Aber eine Frage der Existenz?
Ein anderes Beispiel: Vor einigen Jahren sagte mir ein russischer Botschaftsrat, der
1989/90 an der sowjetischen Botschaft in Bonn gearbeitet hatte: »Glaub nicht, daß
wir damals etwas mit Vereinigung und DDR zu tun hatten. Wir bekamen nur den
Auftrag: Besorgt Kredite, Kredite und nochmals Kredite.«
Würden Sie heute sagen, daß mit »Brester Frieden« schon bei Russakow eine
Gebietsabtretung gemeint war?
Das nicht, aber die Probleme lagen auf derselben Ebene. Ich gehe sogar soweit zu
sagen: Die Situation Anfang der 80er Jahre war von ähnlicher Bedeutung wie der 22.
Juni 1941, der Tag des faschistischen Überfalls auf die Sowjetunion. Es ging nicht
mehr um eine Erneuerung, sondern um Grundsätzliches.
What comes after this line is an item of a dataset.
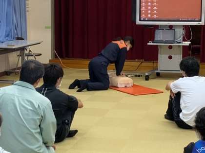 実習では、発見者(心臓マッサージを行う人)・AEDを持ってくる人・119番をする人に分かれて本番さながらの訓練を行いました。久しぶりの訓練ですが、すぐに感覚を取り戻してスムーズに訓練できました。

Es gab nie eine ganzheitliche Theorie des sozialistischen Aufbaus. Gorbatschow hat
später darauf hingewiesen, daß es nie gelungen war, die wissenschaftlich-technische
Revolution mit den Errungenschaften des Sozialismus zu verbinden – im Gegenteil,
der Abstand zum Kapitalismus vergrößerte sich. Das ist der entscheidende Punkt
aus meiner Sicht.
Aus dieser Analyse heraus versuchte die sowjetische Führung, neue Ansätze zu
finden. Und selbstverständlich: Es gibt allgemeine menschliche Interessen, es war
auch so etwas wie das »neue Denken« nötig, wie Gorbatschow es propagierte. Ich
bin zudem der letzte, der das Scheitern des Sozialismus auf Verrat zurückführt.
Dafür muß es einen Verräter geben und Leute, die sich verraten lassen. Aber die
Antworten der KPdSU auf die Lage des Landes in den 80er Jahren schufen neue
Probleme. Für mich steht dabei der XXVIII. Parteitag, an dem ich im Juli 1990 als
Gast teilnahm, im Zentrum.
Insbesondere der damalige sowjetische Außenminister Eduard Schewardnadse trat
dort mit der Auffassung auf, der Lösung gemeinsamer Probleme der Menschheit
müsse alles untergeordnet werden. Was sind aus Ihrer Sicht die Konsequenzen
dieser Position?
Sie ist falsch. Man ignoriert damit, daß auf internationaler Ebene Klassenkampf
stattfindet. Diese Auffassung konnte nur zur Folge haben, daß die Sowjetunion zu
einer drittrangigen Macht wurde. Deswegen habe ich auf den 22. Juni 1941
hingewiesen.
Gab es an Schewardnadses Position öffentliche Kritik, oder haben Sie eine solche
den Gesprächen mit sowjetischen Genossen entnommen?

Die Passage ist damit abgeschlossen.